Rich Cimini of reported that 14 of the 18 completions were caught within 5 yards of the line of scrimmage, and all three of Hackenberg's throws over 10 yards fell incomplete. But, hey, he wasn't intercepted (and his lost fumble on a botched snap might not have been his fault).

I read more than one piece that deemed Hackenberg's performance an improvement because he often had trouble going 18-of-25 against air in practice.

Really? Is this where we are? Hackenberg isn't an 8-year old. He's a professional, one that was selected in the second round in the 2016 NFL Draft. He should be able to complete the vast majority of 3-yard swing passes.

The Titans were playing mostly vanilla defenses such as soft zones, making those plays very safe. Do you think regular season opponents aren't going to press the Jets' inexperienced receivers at the line of scrimmage to make those timing patterns quite a bit more difficult?

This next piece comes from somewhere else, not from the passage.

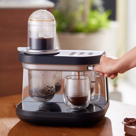 サイフォン式コーヒーの抽出の自動化を実現した、見た目も味わいも楽しめる新たなコーヒーメーカーです。

Oh, and let's not forget that for all of these supposed positives you want to take from this game, the Jets did not score a single point after McCown's 5-yard touchdown toss to Charone Peake five minutes into the first quarter.

As for the Jets' defense, the starters played two series, which, again, is not enough of a sample or even a fair representative of typical regular season activity (Titans quarterback Marcus Mariota was seeing his first competitive action since breaking his leg last December) for any sort of extrapolation.

Yes, the defense did seem to be playing faster, but it remains to be seen whether it will be materially better. Rookie safeties Jamal Adams and Marcus Maye were called on to make one play (a Maye tackle) between them as Mariota did not feel the need to test their lack of NFL game experience.

There really isn't any need (other than NFL owners' greed) to play these games at all. Several coaches have commented that their programs get more out of scrimmages and joint practices than from these exhibitions designed to squeeze more money out of fans and TV networks.

The Jets can go 4-0 this preseason, and it wouldn't change my expectations one iota. Every year I need to remind you about the time Gang Green went 5-0 behind another quarterback chosen in the second round a year earlier.

In 1992, Browning Nagle and the Jets finished 4-12.